I regarded Trump's election as a flip of the bird at the condescension of liberalism's most prominent faces, Barack Obama and Hillary Clinton. I also saw in it an embrace of discrimination against blacks, Hispanics, Middle Easterners, homosexuals, transsexuals, and secularists. Because I too despise Obama, Clinton, and groups such as Black Lives Matter, I sympathized, yet I regarded a vote for Trump as like setting your child's head on fire to kill the lice.

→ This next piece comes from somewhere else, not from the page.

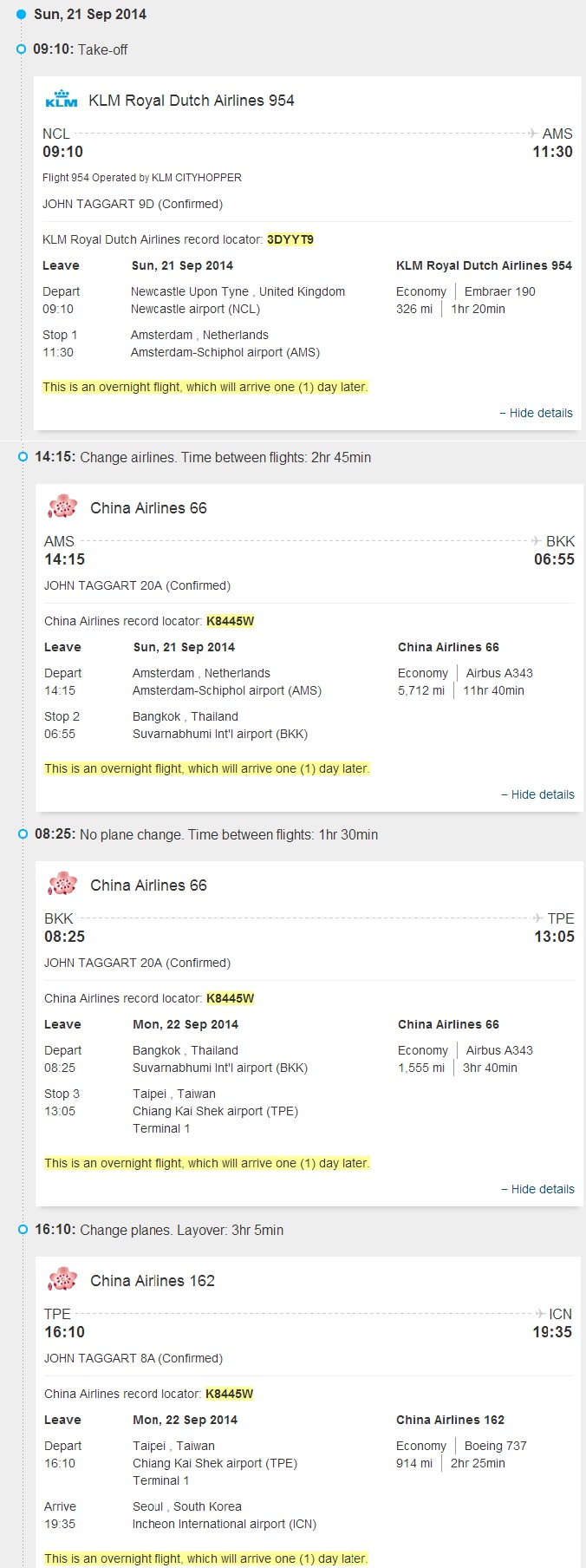En route to Korea…..bit of a hassle it seems but you´re almost there.
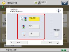 如果选择存储介质作为存储位置,选择[文本/照片]→按[调整等级]→选择[文本优先]或[照片优先]→按[确定]调整文本/照片处理优先级。 |

I had these thoughts today because of a chain of comments between myself and a Georgia blogger (http://rhymeswithplague.blogspot.com/2017/09/the-world-is-not-ending-today-after-all.html), a chain that ended with him observing, sadly I thought, that Atlanta has become notable for its diverse cultures and religions. He would like life even less here in Oregon's Willamette Valley, because it is one of the most liberal, and least religious, parts of the country, although this isn't to say that conservatives and Christians don't abound. I didn't know how much they abounded until the "Make America Great Again" caps and bumper stickers started appearing during Trump's election bid. Sad to say, those who publicly supported Trump risked having their property vandalized, and one local man was even assaulted by a mob. Before moving to a liberal area, I imagined that being liberal meant being tolerant. After all, their bumper stickers read, "Honor Diversity."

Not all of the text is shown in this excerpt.